Bug 33782 - [r8169] No link/carrier detected, sometimes
Summary: [r8169] No link/carrier detected, sometimes
Status: RESOLVED INSUFFICIENT_DATA
Alias: None
Product: Drivers
Classification: Unclassified
Component: Network (show other bugs)
Hardware: All Linux
: P1 normal
Assignee: Francois Romieu
URL:
Keywords:
Depends on:
Blocks:
 
Reported: 2011-04-21 03:45 UTC by Matthew Gyurgyik
Modified: 2013-12-23 12:08 UTC (History)
6 users (show)

See Also:
Kernel Version: 3.0.3
Subsystem:
Regression: No
Bisected commit-id:


Attachments
dmesg 3.0.0 (57.01 KB, application/octet-stream)
2011-08-05 12:06 UTC, j.fikar
Details

Description Matthew Gyurgyik 2011-04-21 03:45:16 UTC
Hardware: Thinkpad Edge E420s
Distribution: Arch Linux

If ifconfig eth0 down and ifconfig eth0 up are not ran within miliseconds of each other no link/carrier will be detected.

skynet:~ $ (sudo ifconfig eth0 down; sleep 1; sudo ifconfig eth0 up); sleep 5; cat /sys/class/net/eth0/carrier
0

With a pause of 1 second between the two commands the link/carrier is not detected. /sys/class/net/eth0/carrier remains 0 even after waiting extended periods of time.

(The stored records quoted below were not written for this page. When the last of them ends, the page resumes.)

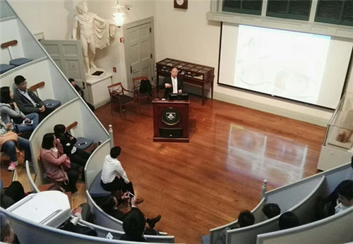 10月,史偉云教授受邀在世界頂尖學府向世界分享中國首創生物工程角膜臨床應用經驗。10月12日,山東省眼科研究所所長、山東省眼科醫院院長、中華醫學會眼科學分會角膜病學組組長史偉云教授,受美國哈佛大學和麻省總院的邀請,在哈佛大學以及著名的麻省總醫院(MGH)Bulfinch樓的EtherDome(“乙醚廳”)就生物工程角膜研發和臨床應用情況進行了演講。Ether?Dome座無虛席,來自世界各地的專家學者認真聽取了史偉云教授的報告,并積極就史偉云教授的報告進行了提問,史偉云教授對專家的提問進行了細致的回答。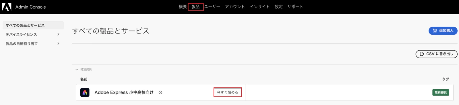 - 取得した特別提供の製品名「Adobe Express 小中高校向け」「高等教育機関向け共有デバイスアクセス」のいずれかをクリック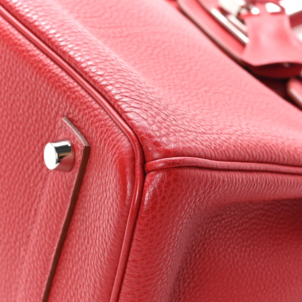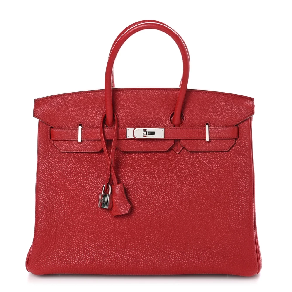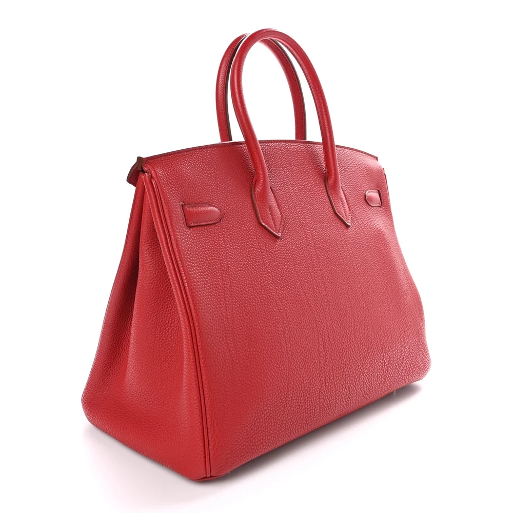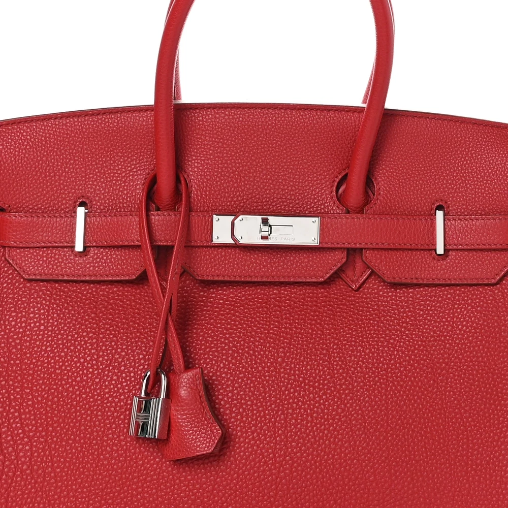 This Hermès Togo Birkin 35 in Rouge Garance is a bold and captivating handbag in a striking red hue with warm undertones. The Togo leather offers a fine grain and a slight sheen, ensuring both beauty and durability. Measuring 35 cm, it provides generous space without sacrificing elegance. Palladium hardware adds a cool contrast, making the rich red color stand out even more. This is a confident and statement-making Birkin.

skynet:~ $ (sudo ifconfig eth0 down; sudo ifconfig eth0 up); sleep 5; cat /sys/class/net/eth0/carrier
1


To further complicate issues, sometimes the opposite is true:

skynet:~ $ (sudo ifconfig eth0 down; sleep 1; sudo ifconfig eth0 up); sleep 5; cat /sys/class/net/eth0/carrier
1

skynet:~ $ (sudo ifconfig eth0 down; sudo ifconfig eth0 up); sleep 5; cat /sys/class/net/eth0/carrier
0

Let me know what other information is needed.
Comment 1 Sebastian N 2011-04-23 06:53:00 UTC
I have a similar issue on my acer travelmate with a realtek r8169. (Also Archlinux, both 2.6.38.3 and 2.6.39-rc4-20110422-00149-g91e8549 (from linus tree)).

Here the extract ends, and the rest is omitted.